After food consumption, the motivation to eat (wanting) decreases and associated brain reward responses change. Wanting-related brain responses and how these are affected by consumption of specific foods are ill documented. Moreover, the predictive value of food-induced brain responses for subsequent consumption has not been assessed. We aimed to determine the effects of consumption of sweet and savory foods on taste activation in the brain and to assess how far taste activation can predict subsequent ad libitum intake. Fifteen healthy men (age: 27 ± 2 y, BMI: 22.0 ± 1.5 kg/m2) participated in a randomized crossover trial. After a >3-h fast, participants were scanned with the use of functional MRI before and after consumption of a sweet or savory preload (0.35 L fruit or tomato juice) on two occasions. After the scans, the preload juice was consumed ad libitum. During scanning, participants tasted the juices and rated their pleasantness. Striatal taste activation decreased after juice consumption, independent of pleasantness. Sweet and savory taste activation were not differentially affected by consumption. Anterior cingulate taste activation predicted subsequent ad libitum intake of sweet (r = -0.78; P < 0.001(uncorrected)) as well as savory juice (r = -0.70; P < 0.001(uncorrected)). In conclusion, we showed how taste activation of brain reward areas changes following food consumption. These changes may be associated with the food's physiological relevance. Further, the results suggest that anterior cingulate taste activation reflects food-specific satiety.
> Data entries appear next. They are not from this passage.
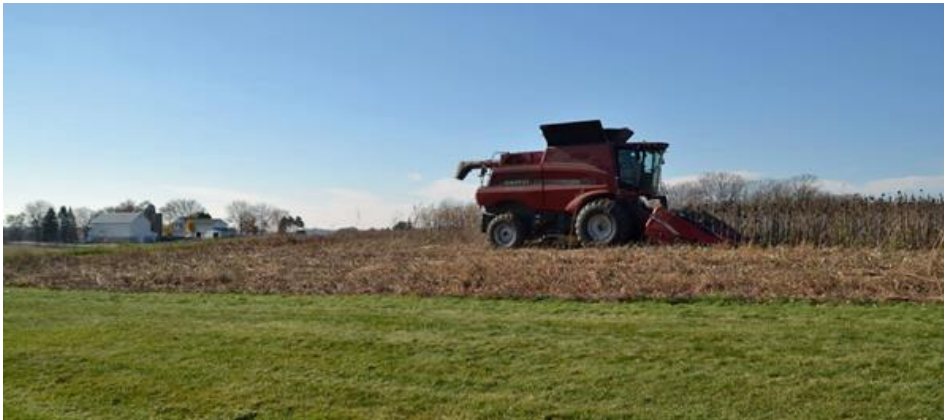
2015 Sunflower Field Harvest

The exact date to harvest the 2017 Sunflower crop has not yet been determined. It will depend on a lot of factors like the weather and moisture in the seeds. The Sunflower Field is typically harvested in early to mid-November, but we usually only have about a 24 to 48-hour notice when this occurs. When we know the exact date and time of harvest, we will post an update on our website and Facebook page. If you can make it, it's worth coming out to see! The kids will love it, too.
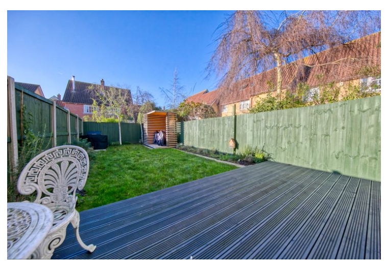
A well maintained south/west facing garden enclosed by privacy fencing with a lawn area leading to a raised decking area with space for outdoor dining furniture, a paved space to the rear allowing a further patio area or hard standing for shed, timber cladded storage unit, two silver birch trees and shrubs.
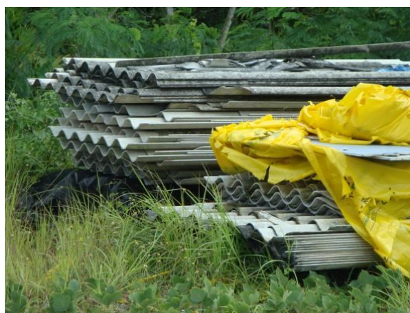
Examples of asbestos used in construction in the Pacific islands.
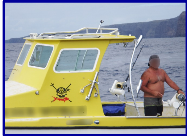
"Under-World" documented in the Reserve

• In January, program staff participated in 'Ohua crew training held in Honokanai'a Bay. Exercises in the training covered everything from "man overboard" drills to discharging flares to safety equipment location and utilization. During the same access crew spotted an unauthorized fishing vessel in the Reserve near Kaka Pt. Photos, location and vessel identification were submitted to DOCARE personnel. KIRC staff onboard at the time provided witness statements to the officer handling the case.
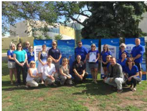
National Drowning Prevention Week flag raising ceremony at Edmonton City Hall

The Society participated in 33 TV and radio interviews about drowning preventing in 2018-2019, several of which were during NDPW.
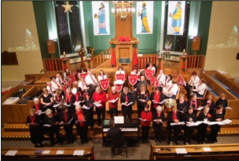
Carols in the Kirk with Montrose Town Band, Song Shop and the Church Choir. A wonderfully uplifting evening and enjoyed by everyone.

www.oldandstandrews.com Facebook – Montrose Old and St. Andrew's Twitter @SteepleNews Montrose Old an St. Andrew's
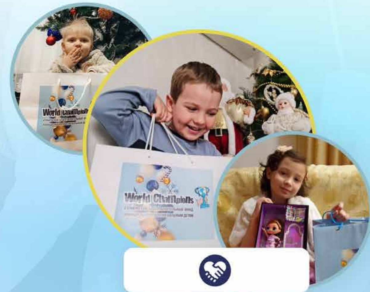
New Year's greetings to children and New Year's musical in Ukraine, for children who have returned from Israel
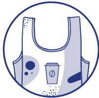
Pantone Matched Piping
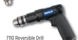
7110 Reversible Drill
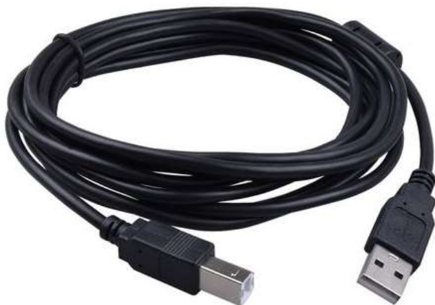
Figure 2.2 USB “printer” Cable for Programming all Freedom Lite models produced after May 2020

The ON button [11] and OFF button [12] are located beside the SoC display.
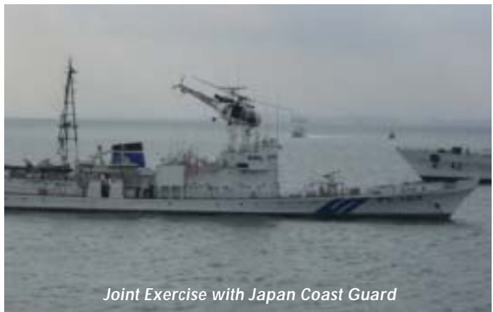
Joint Exercise with Japan Coast Guard
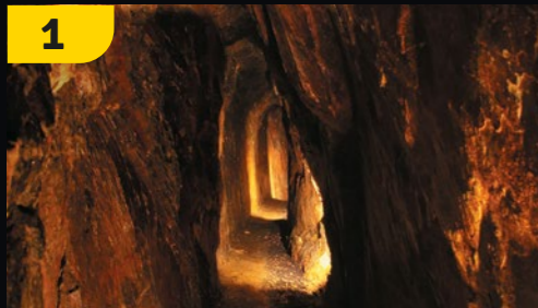
1 Geopark in Krobica „The route of the ancient ways of precious metals mining” Krobica 90, 59-630 Mirsk, www.podziemna-wieza.pl

Geopark – this tourist and educational „Route of the ancient ways of precious metals mining” is an underground 350-metrelong passage through two addits and 13 posts alongside the 8-kilometrelong ground route. The visitors start in the exhibition vestibule and move on to the excavation of the 18th-century addit of St Leopold. Then, using the interfloor shaft, they get to the drift of St John (16th century) situated 10 metres higher. What you can see there, are the remains of the tin ore excavations.
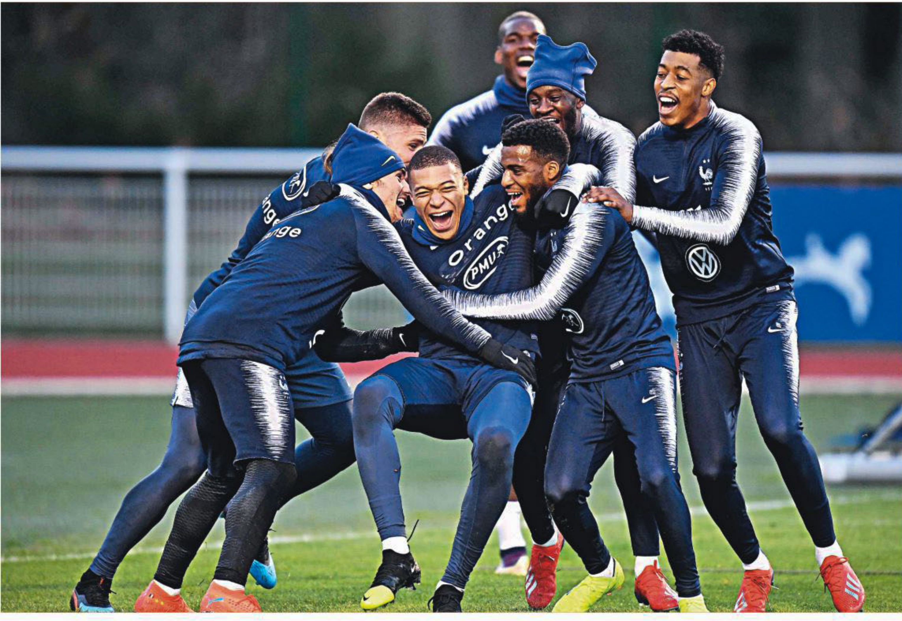
With French superstar Kylian Mbappe recently revealing that he keeps track of goals scored in training, his fun-loving national teammates swarmed the 19-year-old to celebrate one such goal in Clairefontaine yesterday.
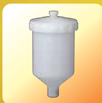
GOL-1105 600 C.C Female Nylon Cup
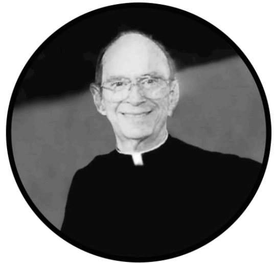
Joseph Cardinal Bernardin Archbishop of Chicago 1982-1996
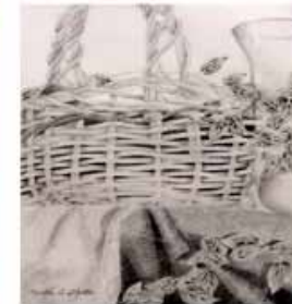
7. Color and Value
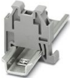
Snap-on end bracket, to be snapped onto NS 15 DIN rail

Please be informed that the data shown in this PDF Document is generated from our Online Catalog. Please find the complete data in the user's documentation. Our General Terms of Use for Downloads are valid ( http://phoenixcontact.com/download )
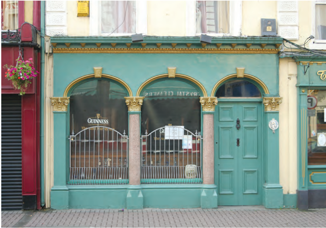
(fig. 109) THE AULD MURRAY Main Street, Tipperary Town (c. 1870)

One of the most characteristic features of the remarkably unified street architecture of Tipperary Town is the use of arcaded ground floors. In this instance, Corinthian polished granite colonettes separate the windows and the cornice has courses of modillions, and egg-and-dart and leaf motifs.
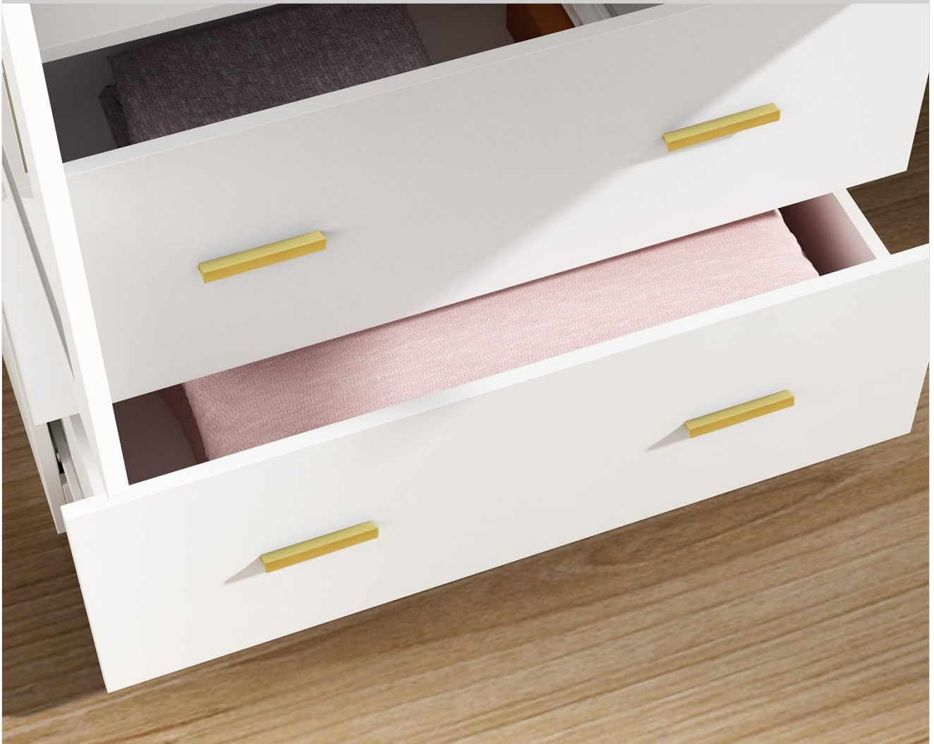
Image: The two spacious drawers, designed for easy access and storage of smaller items.

Private drawer space for easy storage of small items and easy access
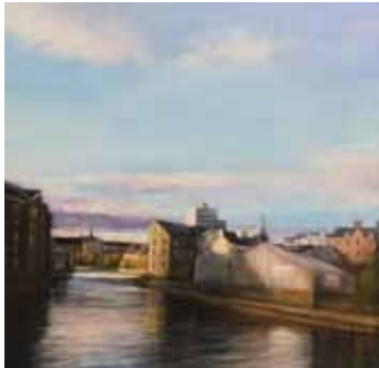
Winter skies over Leith 30cm x 30cm, Oil on linen
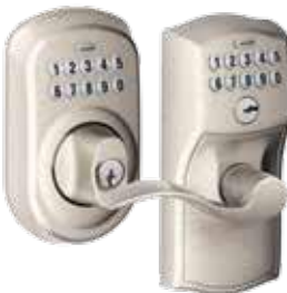
Keypad locks (BE365 & FE595)
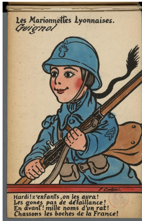
Figure 1. Luc Mégret. “Guignol Poilu” (1918). Drawing for the book cover of Artistique-Revue , 1918. Image in the public domain.

Even in Lyon, this transformation of a local figure into a national hero could be perceived—for example when Guignol, Gnafron, and Madelon, singing the military march Le Régiment de Sambre-et-Meuse in the play La Fin de la guerre (The End of War) by Grandjean (1916), identified themselves as “ fiers enfants de la Gaule ” (Proud Children of Gaul) (15).
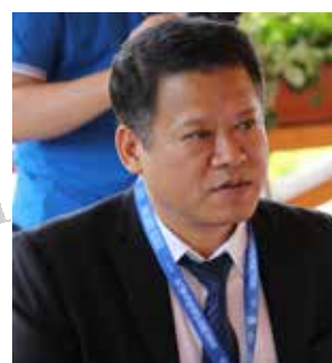
Asia's special delegate - NghiemXuan Dong;
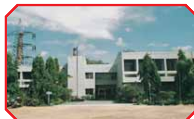
NPTI (NR) BADARPUR
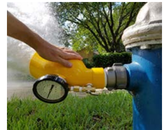
From top: San Francisco WSIP New Irvington Tunnel San Francisco, California, USA

Water and Distribution Sustainability Contract Houston, Texas, USA AECOM with the City of Houston in optimizing and sustaining water quality and infrastructure throughout the City's water treatment and distribution systems. Strategic initiatives executed included the development of a City-wide nitrification action plan, reduction of disinfection by-products, piloting unstaffed remote water quality monitoring stations, enhancement of the City's leak detection program, and conducting the Partnership for Safe Drinking Water's Distribution System Self-Assessment.
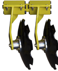
Fully Independent Discs
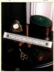
MN 003 Strawberries Rule

MN 029 - My Little Quakers Ruler Pocket: Another design in which to keep a lovely 6" brass ruler. This time, Quaker motifs. Design & Ruler: $28.50
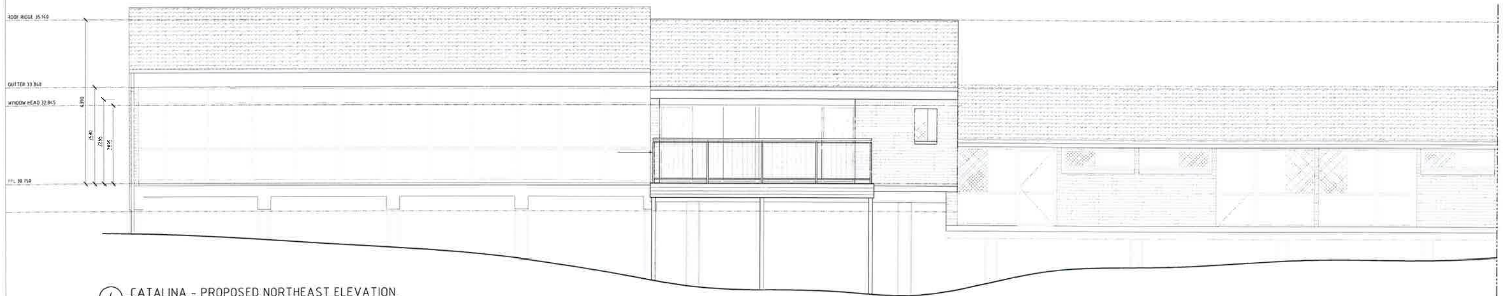
4 CATALINA - PROPOSED NORTHEAST ELEVATION SCALE 1:50 @ A1
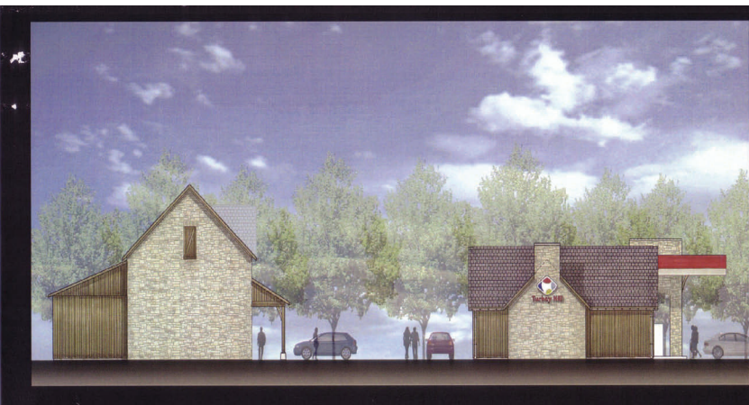
Proposed Turkey Hill gas station, convenience store, and car wash

The Meeker farmhouse, the first portion of which was built in 1812, is a Federal style, two-story, brick, center-hall residence known as an I-House form. It is in a remarkably original state of preservation, and shows the results of many generations of careful stewardship. The chestnut floors, cherry interior woodwork, built-in cabinetry and center stairway are marvelously original, and help foster the impression that you have just
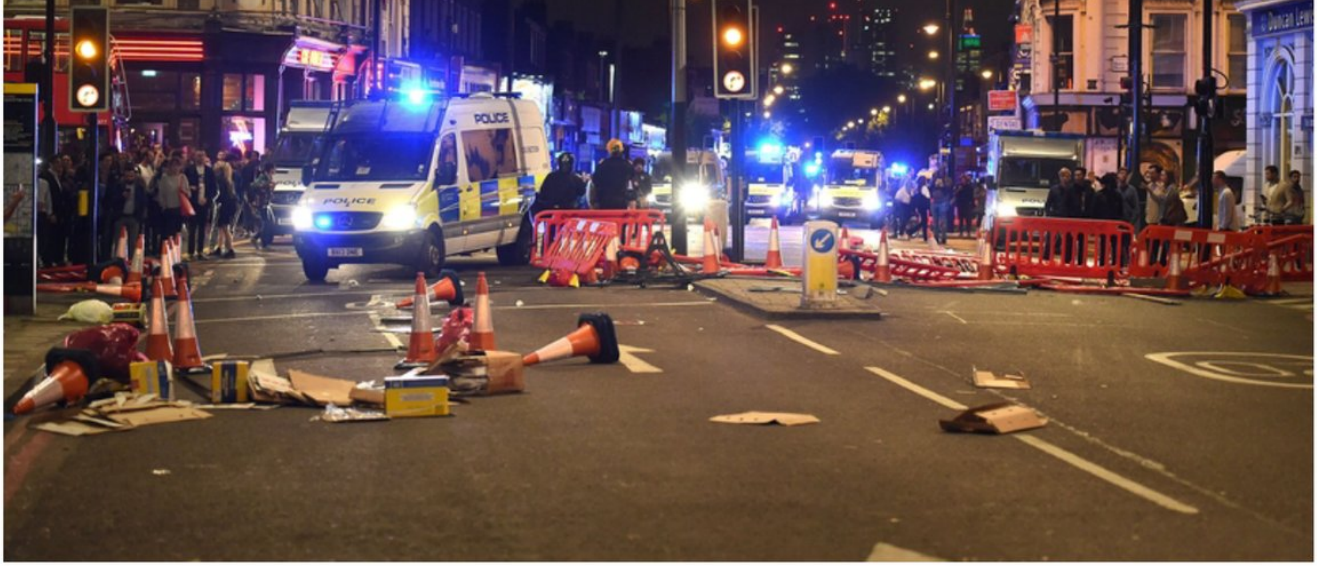
Police on horseback and some with riot gear were called to help clear the area in London
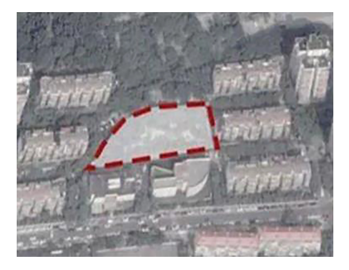
Fig. 1. The range of design

The project site covers an area of about 3000 square meters, the terrain is high in the northwest and low in the southeast. There is an underground parking lot under the site. The main leisure time for residents is from 6 to 9 a.m. and from 2 to 5 p.m.
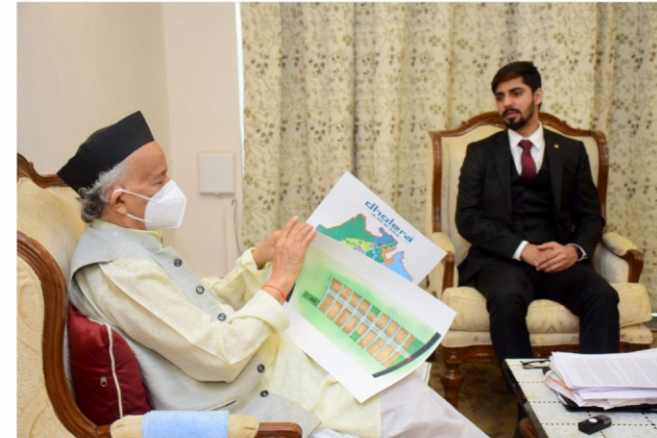
BHAGAT SINGH KOSHYARI (Governor of Maharashtra)
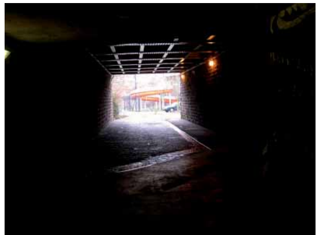
▲ A badly lit subway

circumstances. Low level lighting should be vandal resistant and low maintenance. Developers should ensure that all exterior lighting meets but does not significantly exceed the relevant European and UK standards for both minimum and average illuminance. The minimum UK standards for exterior lighting are set out in BS EN13201 and BS 5489. Lighting associated with sports pitches will require a lux plan with a planning application to show the spread and direction of illumination.
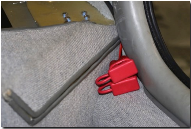
Dual battery box with separate fused charger harnesses.
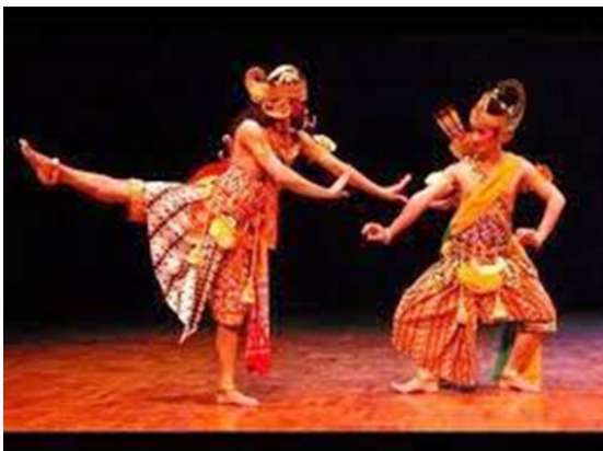
Figure 2. Wirèng pethilan "Bambangan-Cakil" (the telling wirèng )

In sub-sections or war scenes, there are variations in a spatial formation called gawang prapatan (crossroad spaces), gawang jeblos (opponent space/places), and gawang pojok ( pendhapa rectangular corner spaces). After the war scene is finished, they dance again, then it is continued with the final part of the dance ( mundur beksan ); (3) the final part of the dance is the same as the initial part of the dance, namely, the dancer returns to the starting position, gawang sopana . The difference lies in the intended direction, namely the movement in the
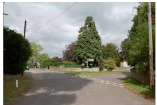
Top left: Hill House, The Green. Top right: Traditional coach house doors and shutters. Bottom left: The duck pond. Bottom right: The Green.
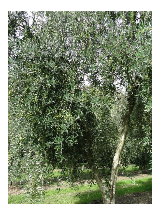
Typical laden tree
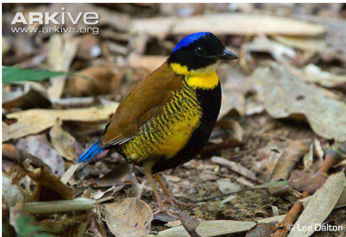
Gurney's Pitta is the emblem of Myanmar's Sundaic Forests

The sundaic forests of Tanintharyi Division are a global conservation priority because they support the largest remaining population of the endemic and globally Endangered Gurney's Pitta. They also support populations of Asian Elephant Elephas maximus , Tiger Panthera tigris and Asian Tapir Tapirus indicus .
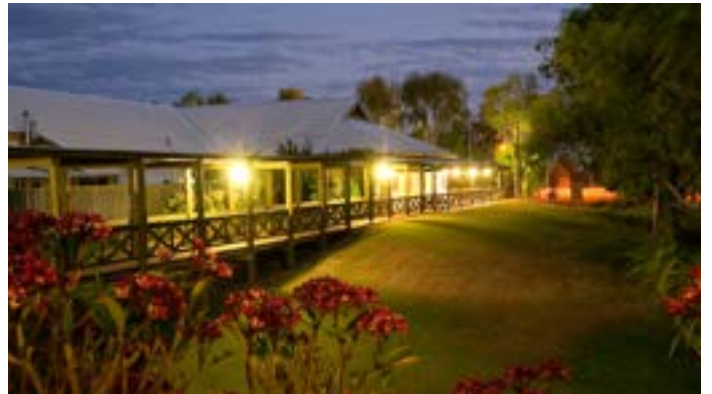
Fitzroy River Lodge (1 night)

This extends our understanding of the representation of food specific-appetite in the brain and shows that neuroimaging may provide objective and more accurate measures of food motivation than self-report measures.

摘要

进食后,进食的动机(欲望)会降低,相关的大脑奖励反应也会改变。与欲望相关的大脑反应以及这些反应如何受到特定食物消耗的影响,相关记录很少。此外,食物引起的大脑反应对随后的消耗的预测价值尚未得到评估。我们旨在确定食用甜咸食物对大脑味觉激活的影响,并评估味觉激活在多大程度上可以预测随后的随意摄入量。15 名健康男性(年龄:27 ± 2 岁,BMI:22.0 ± 1.5 kg/m2)参加了一项随机交叉试验。禁食>3 小时后,参与者在两次情况下分别在食用甜或咸预餐后(0.35 升水果或番茄汁)之前和之后使用功能磁共振成像进行扫描。扫描后,预加载的果汁可随意饮用。在扫描过程中,参与者品尝了果汁并对其美味程度进行了评分。无论愉悦度如何,果汁消耗后纹状体的味觉激活均降低。甜咸味觉激活不受消耗的影响而有差异。前扣带皮层的味觉激活预测了随后对甜(r = -0.78;P < 0.001(未校正))以及咸(r = -0.70;P < 0.001(未校正))果汁的随意摄入量。总之,我们展示了进食后大脑奖励区域的味觉激活如何变化。这些变化可能与食物的生理相关性有关。此外,结果表明,前扣带皮层的味觉激活反映了食物特定的饱腹感。这扩展了我们对大脑中食物特定食欲的代表性的理解,并表明神经影像学可以提供比自我报告测量更客观和更准确的食物动机测量。